Brief: In your copy, leave out the pictures and repeat every record exactly.

- Opening Delimiter -

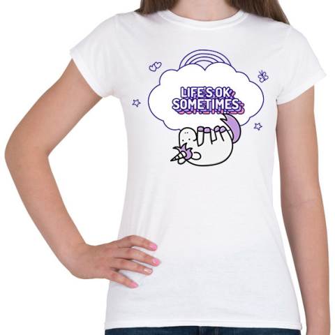 1 kép PRINTFASHION LIFE IS OK SOMETIMES - Női póló - Fehér
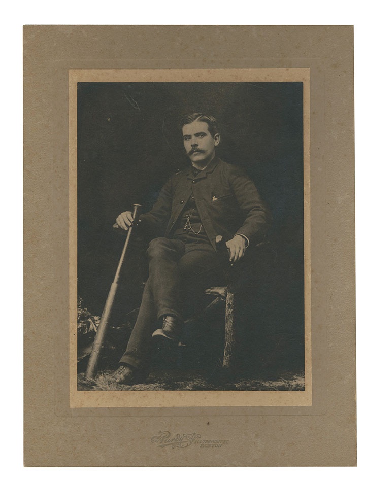 This spectacular oversized cabinet is the only known specimen. The photograph is 6" x 8". Pebbly Jack, a potential Hall of Famer, is seated in an Adirondack stick-art studio chair, dressed to the nines in a three-piece suit with gold watch fob. We wonder if there is a baseball fob or watch on the end and can only dream. Dressed in civvies, resting at his side is his best friend, his trusty bat. The two-toned gem is obviously period and is hammered from game use with spike marks clearly visible. It is very unusual for players in civies to have equipment, making this image special. There's a blind stamp cartouche from Purdy Studio of Boston and llight foxing, but overall EX+. Extremely heavy weight. Overall 9" x 12".
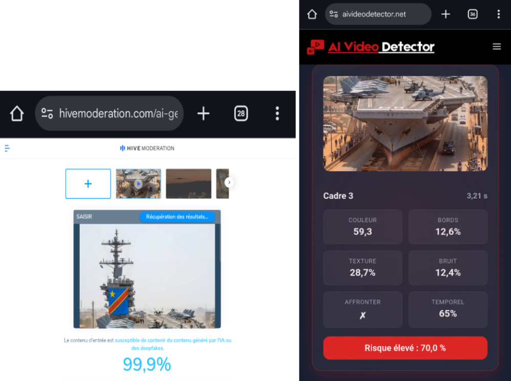 Les vérifications techniques, les incohérences physiques, l’identification du navire réel, l’analyse des sources de diffusion et les résultats des outils de détection d’IA démontrent que la vidéo prétendant montrer un porte-avions congolais baptisé « CD-LM45 » transporté sur une autoroute est un deepfake. Il s’agit d’un contenu fictif, généré par intelligence artificielle, sans aucun lien avec une capacité militaire réelle de la RDC.
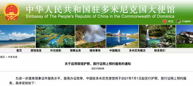 ◆中國駐多米尼克使館啟用護照、旅行證網上預約服務
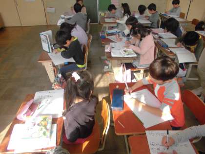 「詩を作ろう」の学習をしました。画用紙に作った詩の清書をしました。
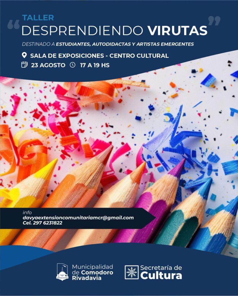 – En la Sala de Exposiciones del Centro Cultural, de 17:00 a 19:00, se realiza el taller “Desprendiendo Virutas”, una propuesta pensada para estudiantes, autodidactas y artistas emergentes que quieran explorar nuevas formas de expresión. Un espacio de encuentro para descubrir, aprender y crear desde lo más simple: la viruta, la textura y el trazo.

- Closing Delimiter -

Output below:
 1 kép PRINTFASHION LIFE IS OK SOMETIMES - Női póló - Fehér
 This spectacular oversized cabinet is the only known specimen. The photograph is 6" x 8". Pebbly Jack, a potential Hall of Famer, is seated in an Adirondack stick-art studio chair, dressed to the nines in a three-piece suit with gold watch fob. We wonder if there is a baseball fob or watch on the end and can only dream. Dressed in civvies, resting at his side is his best friend, his trusty bat. The two-toned gem is obviously period and is hammered from game use with spike marks clearly visible. It is very unusual for players in civies to have equipment, making this image special. There's a blind stamp cartouche from Purdy Studio of Boston and llight foxing, but overall EX+. Extremely heavy weight. Overall 9" x 12".
 Les vérifications techniques, les incohérences physiques, l’identification du navire réel, l’analyse des sources de diffusion et les résultats des outils de détection d’IA démontrent que la vidéo prétendant montrer un porte-avions congolais baptisé « CD-LM45 » transporté sur une autoroute est un deepfake. Il s’agit d’un contenu fictif, généré par intelligence artificielle, sans aucun lien avec une capacité militaire réelle de la RDC.
 ◆中國駐多米尼克使館啟用護照、旅行證網上預約服務
 「詩を作ろう」の学習をしました。画用紙に作った詩の清書をしました。
 – En la Sala de Exposiciones del Centro Cultural, de 17:00 a 19:00, se realiza el taller “Desprendiendo Virutas”, una propuesta pensada para estudiantes, autodidactas y artistas emergentes que quieran explorar nuevas formas de expresión. Un espacio de encuentro para descubrir, aprender y crear desde lo más simple: la viruta, la textura y el trazo.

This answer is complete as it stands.